Inzwischen hatten sie das Zimmer des Schulratsvorsitzenden erreicht. Light saß auf seinem Schreibtischstuhl, hatte ihm einen Sitzplatz auf dem kleinen Sofa angeboten und rückte noch immer nicht mit der Sprach raus. So etwas konnte er gar nicht leiden... „Was gibt es denn jetzt? Ich habe auch nicht ewig Zeit“, moserte er.
„Ich wollte wissen, was für eine Beziehung du zu Beyond hast?“, rückte Light endlich raus. „Also ob ihr befreundet seit oder ob...“ Mitten im Satz brach er plötzlich ab, sein Blick schien an ihm vorbei gegen die Wand zu schauen und Light wirkte so verflucht unsicher und nervös, dass es ihn schon fast krank machte. Noch nie hatte er den Kerl so erlebt, es passte einfach nicht zu seinem sonstigen Auftreten und das er ihn jetzt auf Beyond ansprach, machte es da nicht unbedingt besser.
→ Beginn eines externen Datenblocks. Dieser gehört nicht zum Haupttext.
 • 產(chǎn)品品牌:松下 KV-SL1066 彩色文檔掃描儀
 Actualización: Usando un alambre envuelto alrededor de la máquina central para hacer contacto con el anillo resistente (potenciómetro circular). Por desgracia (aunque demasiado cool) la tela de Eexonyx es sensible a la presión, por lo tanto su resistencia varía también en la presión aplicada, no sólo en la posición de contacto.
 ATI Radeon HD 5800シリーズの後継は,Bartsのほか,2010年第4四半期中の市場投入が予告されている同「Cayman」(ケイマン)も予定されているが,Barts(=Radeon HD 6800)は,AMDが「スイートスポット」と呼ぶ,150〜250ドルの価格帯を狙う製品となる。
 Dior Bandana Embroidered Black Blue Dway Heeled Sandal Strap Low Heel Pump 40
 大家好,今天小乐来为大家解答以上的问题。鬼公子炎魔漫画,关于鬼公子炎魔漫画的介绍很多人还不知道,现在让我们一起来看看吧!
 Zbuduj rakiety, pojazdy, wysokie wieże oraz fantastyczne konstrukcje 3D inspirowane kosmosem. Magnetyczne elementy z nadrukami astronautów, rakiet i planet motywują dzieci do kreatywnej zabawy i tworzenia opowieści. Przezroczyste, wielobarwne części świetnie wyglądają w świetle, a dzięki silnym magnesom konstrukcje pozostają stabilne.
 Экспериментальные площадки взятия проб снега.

„Bevor ich dir diese Frage beantworte, möchte ich wissen wie du zu ihm stehst? Weißt du, es ist mir nicht entgangen, dass zumindest er Interesse an dir hat.“ Diese Frage stellte er sich schon, seit er die Beiden zum ersten Mal zusammen gesehen hatte. Zwar hatte es jedes Mal eher so ausgesehen, als würde das Interesse nur einseitig sein, aber Light wäre schließlich auch nicht so blöd und würde in aller Öffentlichkeit sein schwules Leben ausleben. Auch er hatte das nicht getan und das hatte triftige Gründe. Man würde an der Schule keine Akzeptanz mehr erfahren und zum Außenseiter werden, die Cliquen würden auf einem rumhacken und alles in allem wäre es ein reichlich beschissenes Leben. So Kerle wie Beyond, die konnten sich das vielleicht noch leisten. Die meisten Schüler hatten sowieso Angst vor ihm und gegen viele andere hatte er irgendwas in der Hand, womit er ihnen seinen Willen aufzwingen konnte. Genauso wie er diese drei Kerle ,engagiert' hatte um ihn zu verprügeln.
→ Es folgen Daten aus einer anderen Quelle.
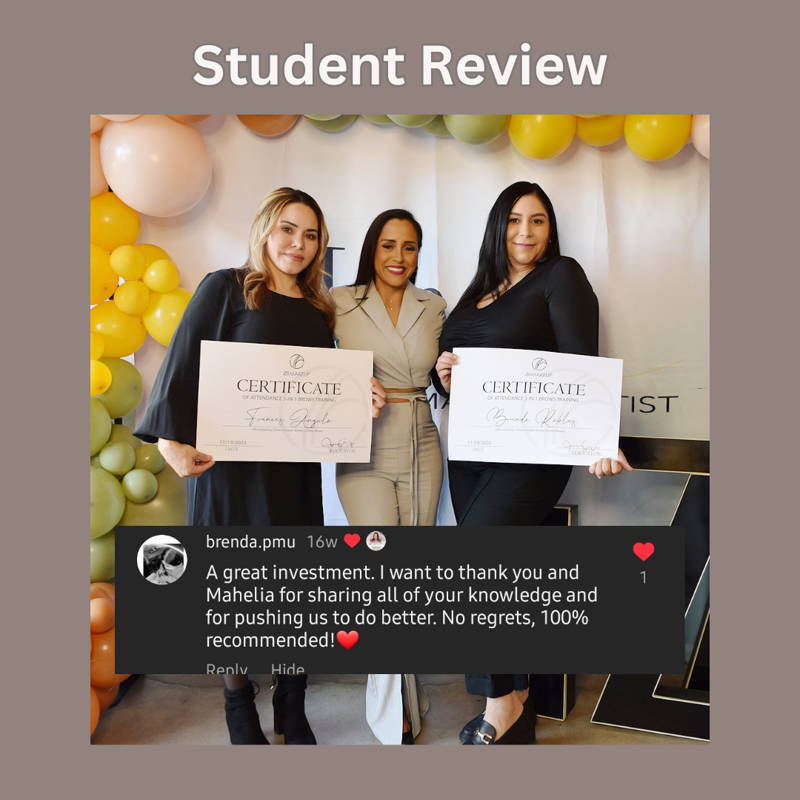 Our training consists of three days of hands-on in-person training and eight months of online education. Includes hands-on experience with models, plus a final exam on a model in month three or eight to obtain your final Brow Artist Certification. This course is designed to introduce you to the world of semi-permanent makeup, so that you can become a working SPMU artist. The best part is - No experience is needed!

Light schwieg jetzt bestimmt schon eine Minute lang und er glaubte schon gar keine Antwort mehr zu bekommen, als sich plötzlich die ganze Haltung des Brünetten straffte und ihn der entschlossene Blick aus den braunen Augen direkt traf. Es war eine überraschende Wandlung und machte ihn tatsächlich für einen Moment stutzig.  „Ich kann Beyond und seine ganze Art nicht leiden. Er schüchtert andere Menschen ein, droht ihnen Gewalt an und will so die Kontrolle über sie erlangen. So etwas ist menschenunwürdig und abstoßend.“
So wie das jetzt klang, hatte Light also schon, wohl aber eher unfreiwillig, Bekanntschaft mit den Seiten von Beyond gemacht, die er inzwischen nur allzu gut kannte. Ein Grinsen legte sich auf sein Gesicht, während er den Kopf auf die Rückenlehne des Sofas legte und mit geschlossenen Augen die Decke anstarrte. „Das mag wohl stimmen, aber solange er mit dieser Masche Erfolg hat, wird er wohl auch nicht damit aufhören. Du hast dich ihm doch auch unterworfen, hab ich nicht Recht?“ Er brauchte seine Augen nicht zu öffnen, um zu wissen das Light jetzt leichenblass wurde. Es stimmte also. Lights Schweigen brachen die letzten Zweifel. Dieses manipulative Schwein setzte also wirklich noch immer dieselben Methoden ein und hatte damit Erfolg.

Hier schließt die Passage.